Monday, October 31, 2005

Michael T. Burr on patent reform

The article talks about Brandon Shalton who has dedicated hundreds of hours of work to researching examples of prior art that would invalidate abusive patents. Although Shalton has provided this information for free to companies facing infringement notices from patent trolls and launched the Web site fightthepatent.com, only a few have had the resources to take the battle to court.

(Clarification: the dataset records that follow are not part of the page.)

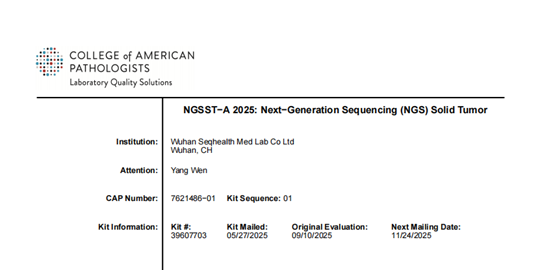 国际认证|康测医学通过CAP NGSST-A 2025能力测评项目
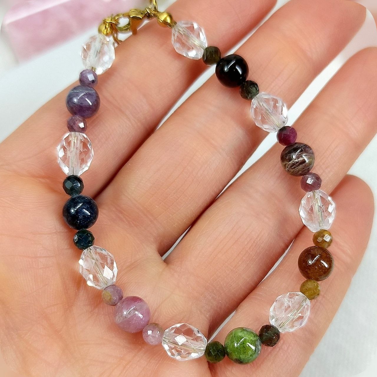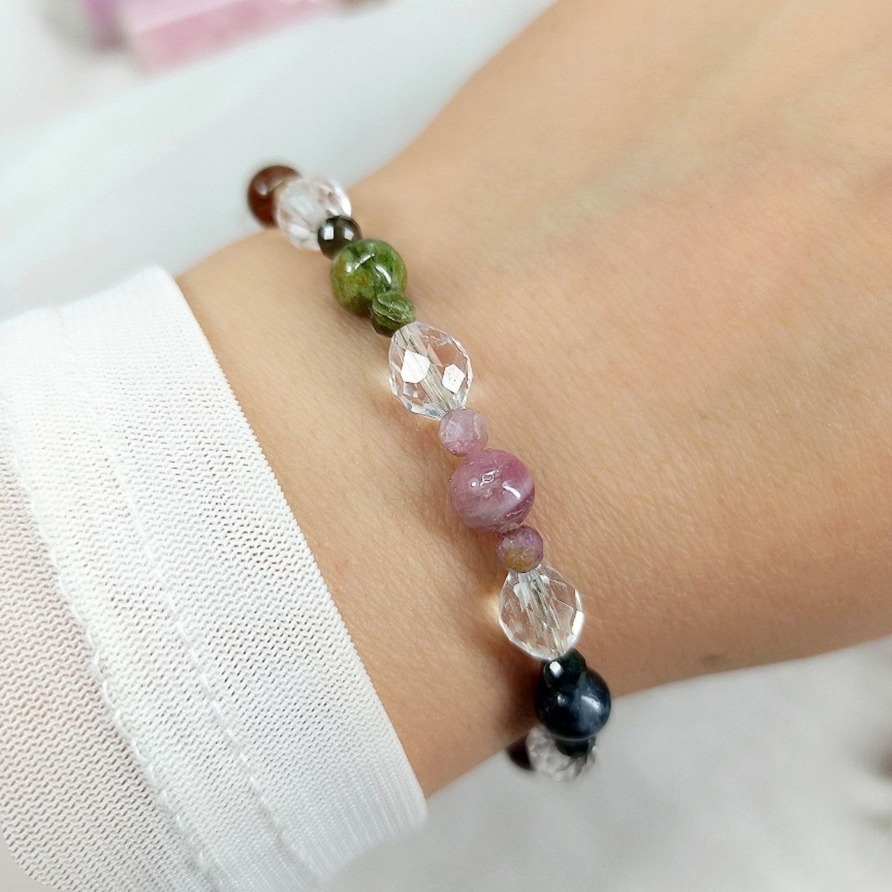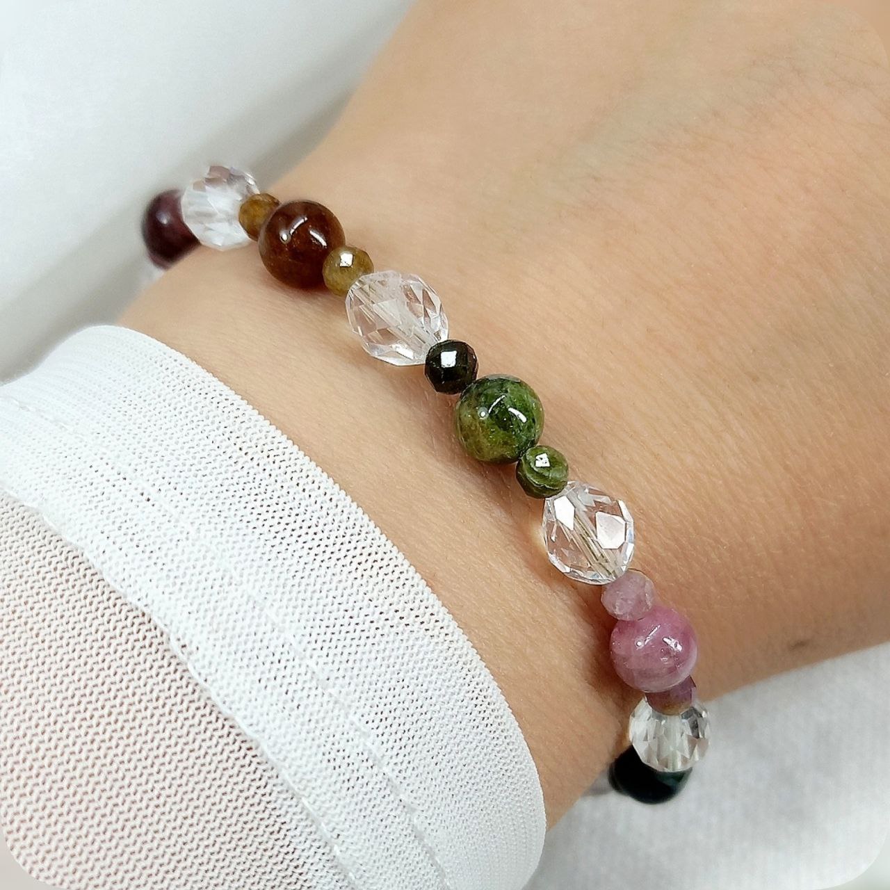 دستبند تورمالین هندوانه ای و کریستال کوارتز تراش جواهری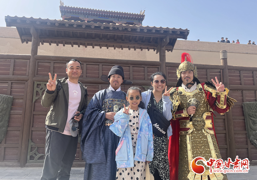 中國甘肅網(wǎng)5月3日訊(通訊員 陳楚)“開城,迎賓。”5月1日上午,在嘉峪關(guān)關(guān)城景區(qū),隨著號(hào)角聲響起,兩名門衛(wèi)士兵緩緩打開城門,來自全國各地的游客,隨著守門將軍的步伐,誓師出征,游客們置身歷史氛圍,仿佛回到古時(shí)的大漠邊關(guān)。
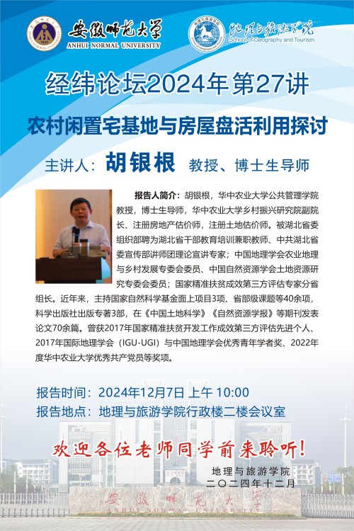 【学术预告】经纬论坛第60讲:社会经济转型与耕地利用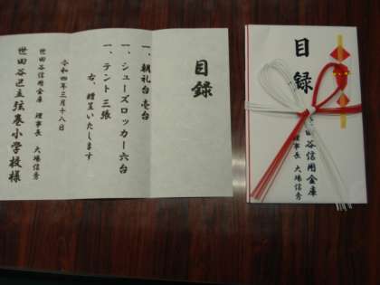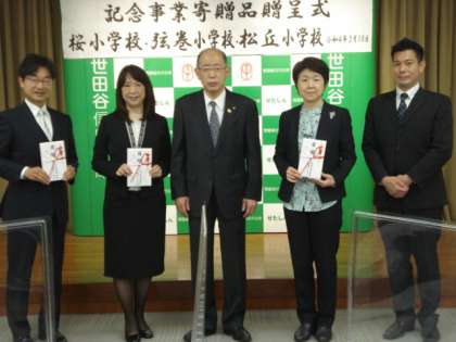 世田谷信用金庫様が100周年の記念に、地域貢献の一つとして、近隣の学校(桜小・松丘小・弦巻小)に寄贈品をというお話があり、今日、その贈呈式に行ってまいりました。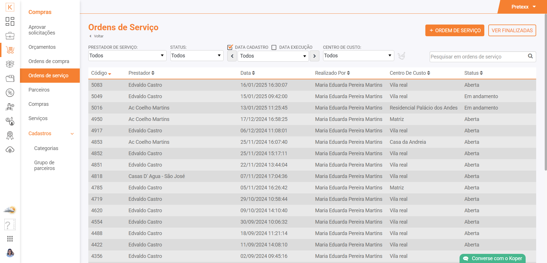 São exibidas as ordens de compra emitidas, de maneira ordenada e passívas de filtragem por fornecedor, local de entrega, status e/ou data e pesquisa direta. Ainda é possível criar a qualquer momento, sem necessidade de um orçamento prévio.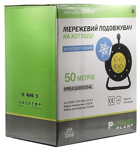Подовжувач на котушці PowerPlant 50 м, 3x2.5мм2, 16А, 4 розетки, морозостійкий (JY-200250) (PPRA16M50S4L)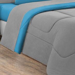 Edredom Malha 100% Algodão Gran Moratta 1 Peça Solteiro - Cinza/azul Turquesa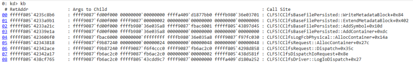 针对函数CLFS!ClfsEarlierLsn下断点,CreatelogFile函数调用完毕之后,内核中触发进入了CLFS!ClfsEarlierLsn调用。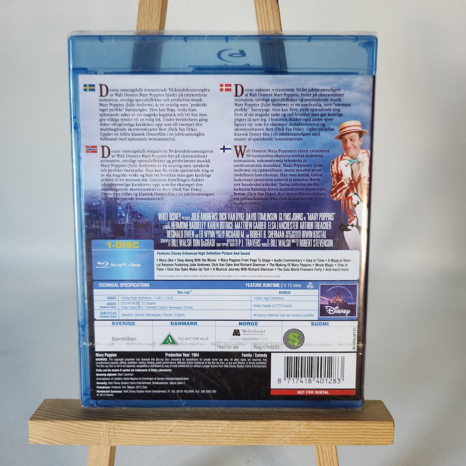 Denna omsorgsfullt restaurerade 50-årsjubileumsutgåva av Walt Disneys Mary Poppins bjuder på extraordinär animation, otroliga specialeffekter och prisbelönt musik. Mary Poppins (Julie Andrews) är en ovanlig men ”praktiskt taget perfekt” barnjungfru. Hon kan fl yga, trolla fram spännande saker ur sin magiska kappsäck och vet hur man gör tråkiga sysslor till en rolig lek. Under berättelsens gång dyker oförglömliga karaktärer upp som till exempel den multibegåvade skorstensfejaren Bert (Dick Van Dyke). Upplev en tidlös klassisk Disney fi lm i en jubileumsutgåva fullmatad med spännande bonusmaterial.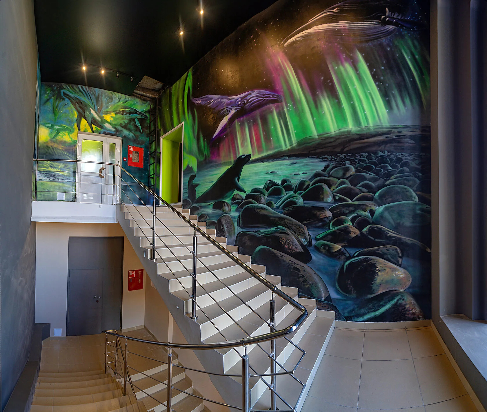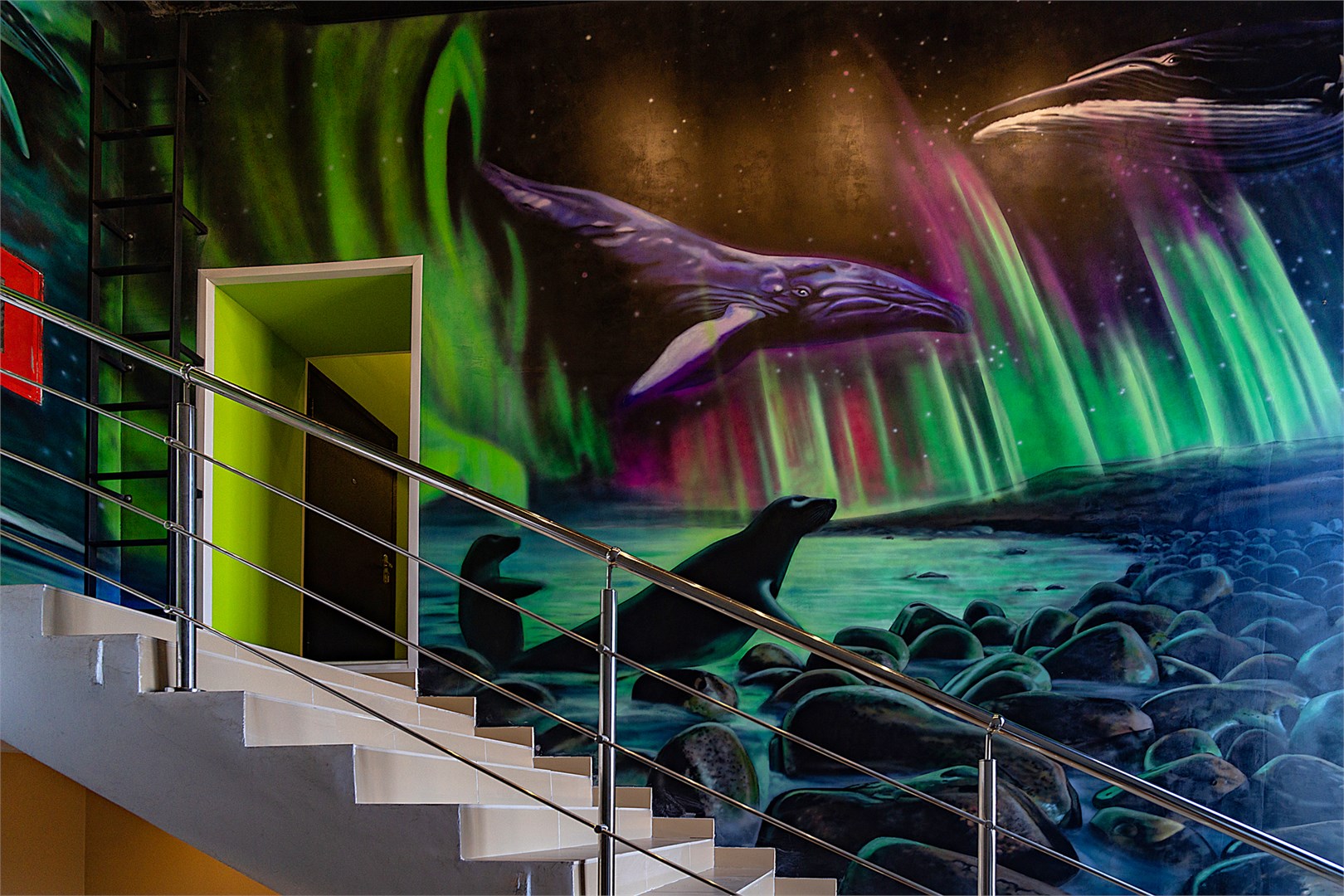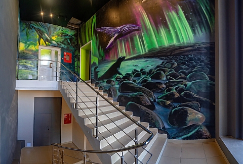 Каждый номер оснащён кроватями с ортопедическими матрасами телевизором, электрочайником, микроволновой печью, посудой на две персоны, небольшой кухонной зоной с раковиной, набором полотенец и постельным бельем.В пешей доступности расположены разнообразные магазины, банкоматы, аптеки. Всего в 5 минутах ходьбы находится торговый центр «Мурманск Молл», где можно интересно и с пользой провести время.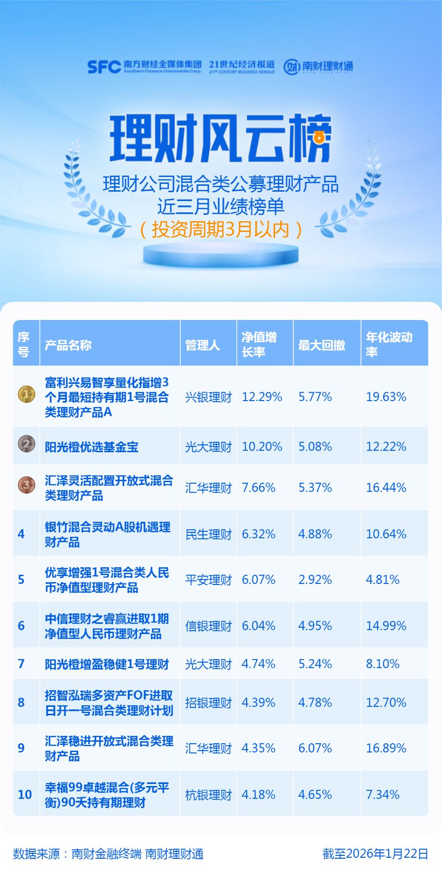 文章核心观点 - 文章基于南财理财通数据,发布了截至2026年1月22日理财公司3个月以内混合类公募理财产品的近三月业绩榜单,并对市场背景和上榜产品进行了分析 [1][4][6] - 2025年第四季度A股市场风格发生切换,资金从科技成长板块流向红利价值板块,影响了相关理财产品的资产配置与业绩表现 [5] - 在整体市场表现分化的背景下,少数产品凭借较高的权益仓位和有效的策略(如量化)取得了显著的超额收益,但多数同类产品近三月收益平平 [6][7] 市场表现 - 2025年第四季度,A股市场资金从算力、AI应用等科技板块流向分红稳定、现金流充裕的红利资产 [5] - 红利板块中,能源、银行、资源类标的涨幅居前,部分消费、传媒类红利股则表现承压 [5] 混合类公募产品整体表现 - 截至2026年1月22日,理财公司共存续329只投资周期为3月以内的公募混合类产品(含不同份额)[6] - 从近三个月业绩分布看,超过60%的产品净值增长率不足1%,约30%的产品净值增长率位于1%至4%的区间 [6] - 本期上榜产品来自多家理财公司,其中光大理财和汇华理财各有2只产品上榜,兴银理财、民生理财、平安理财、信银理财、招银理财及杭银理财各有1只产品上榜 [6] 榜单产品业绩详情 - **兴银理财**的“富利兴易智享量化指增3个月最短持有期1号混合”以12.29%的近三月净值增长率位居榜首,其最大回撤为5.77%,年化波动率为19.63% [2] - **光大理财**的“阳光橙优享高股息”净值增长率为10.20%,最大回撤5.08%,年化波动率12.22% [2] - **汇华理财**的“汇泽家居一类理财产品”净值增长率为7.66%,最大回撤5.37%,年化波动率16.44% [2] - **民生理财**的“银竹混合灵动A股机遇理财产品”净值增长率为6.32%,最大回撤4.88%,年化波动率10.64% [2] - **平安理财**的“优享增强1号混合类人民币净值型理财产品”净值增长率为6.07%,最大回撤2.92%,年化波动率4.81% [2] - **信银理财**的“信睿进取1期法人民币理财产品”净值增长率为6.04%,最大回撤4.95%,年化波动率14.99% [2] - **光大理财**另一产品“阳光橙增盈稳健1号理财”净值增长率为4.74%,最大回撤5.24%,年化波动率8.10% [3] - **招银理财**的“招智泓瑞多资产FOF进取1号”净值增长率为4.39%,最大回撤4.78%,年化波动率12.70% [3] - **汇华理财**另一产品“汇泽稳进开放式混合类理财产品”净值增长率为4.35%,最大回撤6.07%,年化波动率16.89% [3] - **杭银理财**的“幸福99卓越混合(多元平衡)90天持有期理财”净值增长率为4.18%,最大回撤4.65%,年化波动率7.34% [3] 领先产品深度分析 - 榜首产品**兴银理财富利兴易智享量化指增3个月最短持有期1号混合**为R4中高风险等级产品,截至2025年四季度末,其权益类资产持仓占比高达54.19% [7] - 该产品同时配置了公募基金(占比4.43%)和金融衍生品(占比1.60%)[7] - 产品通过多因子分散和行业均衡配置进行风险防控,并利用量化策略应对四季度市场风格从成长向红利价值切换的再平衡行情,实现了业绩稳健增长 [7]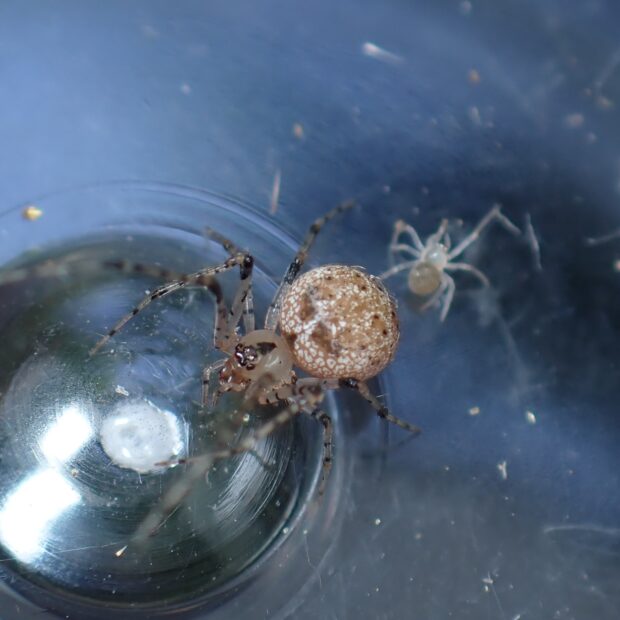 クモを襲う小さなクモ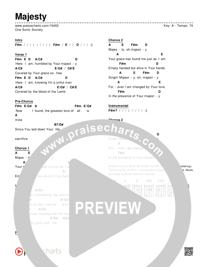Download the PDF Chord Charts for Majesty by One Sonic Society, from the album Sonic - EP. This song was arranged by Brad Henderson in the key of B, Bb.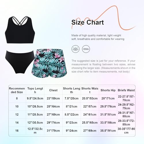 Hansber Kids Girls Three Pieces Swimwear Sleeveless Round Neck Crop Top with Briefs Swim Trunks Set 6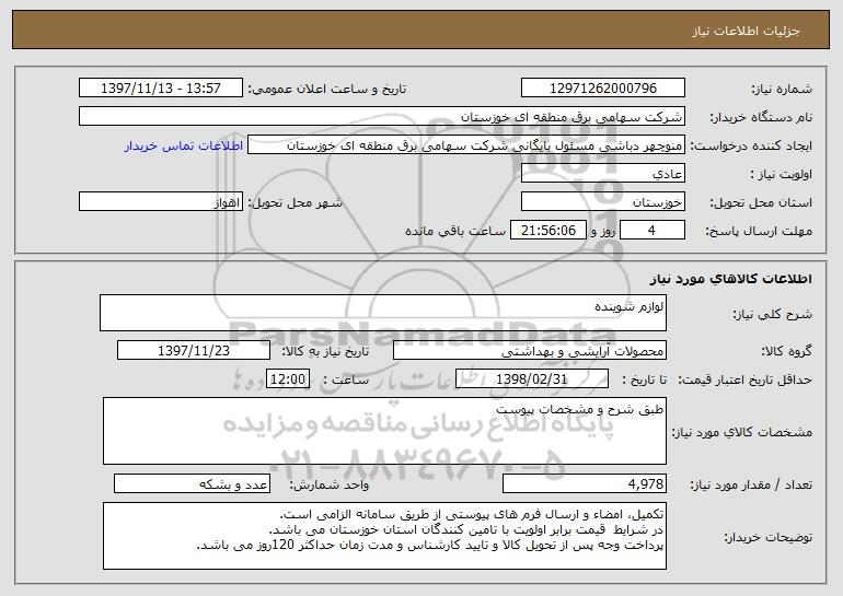 نام دستگاه خریدار:شرکت سهامی برق منطقه ای خوزستان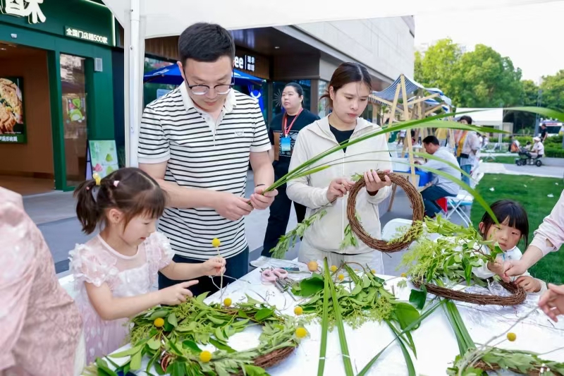 赛场上龙舟竞渡,赛场下的衍生活动同样多姿多彩,为现场氛围持续加温。在北横河南岸和浦乐汇广场的非遗市集,下沙烧卖、端午粽子、五色蛋袋、土布香囊等充满非遗文化元素集体亮相,展现了龙舟赛现场浓郁的传统民俗文化氛围。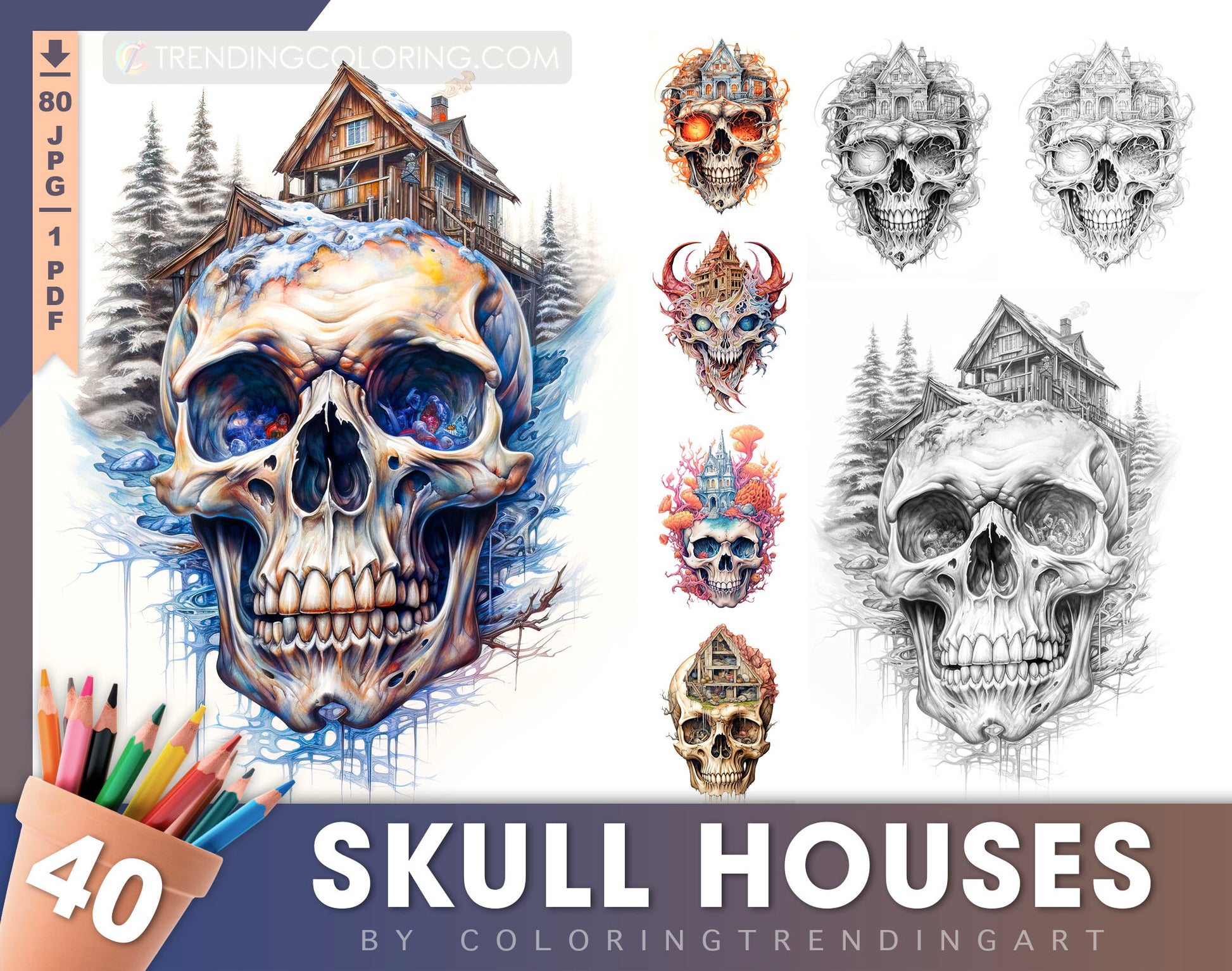 - Anyone captivated by the blend of architecture and the macabre, eager to bring these unique skull houses to life through color.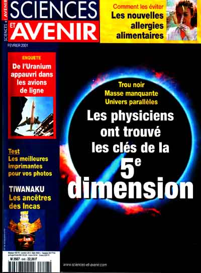 A l'attention de la rédaction de la revue Sciences et Avenir et de David Larousserie, auteur de l'article paru dans le numéro de février 2001, intitulé "Entrez dans la cinquième dimension".

Of H.R. 2795, Shalton says: "It won't stop patent trolls. The patent office is an institution that some people believe exists to serve their purposes. A system that was intended to protect the 'little guy' from larger companies stealing their ideas is turning into a system that serves large companies who can just
patent anything."

Robert Armitage is quoted: "Any issue that goes to a fundamental feature of the patent system will have difficulty garnering the diversity of support needed to enact it into law."

Michael T. Burr stated: In fact the Patent Act of 2005 actually
might see a House floor vote this year.

Burr only obliquely mentioned fee diversion at the end of the article:
...does nothing to fix the basic problem of fee
diversion. Fortunately, anti-fee diversion legislation has gained momentum in Congress.


Funding did come up:
"It isn't going to work unless the PTO gets the funding," says Don
Martens, of counsel with Knobbe Martens Olson & Bear in Irvine, Calif. "I'm optimistic that it will get worked out, because everyone realizes the PTO needs financial resources."

from Michael T. Burr, Corporate Legal Times, October 2005.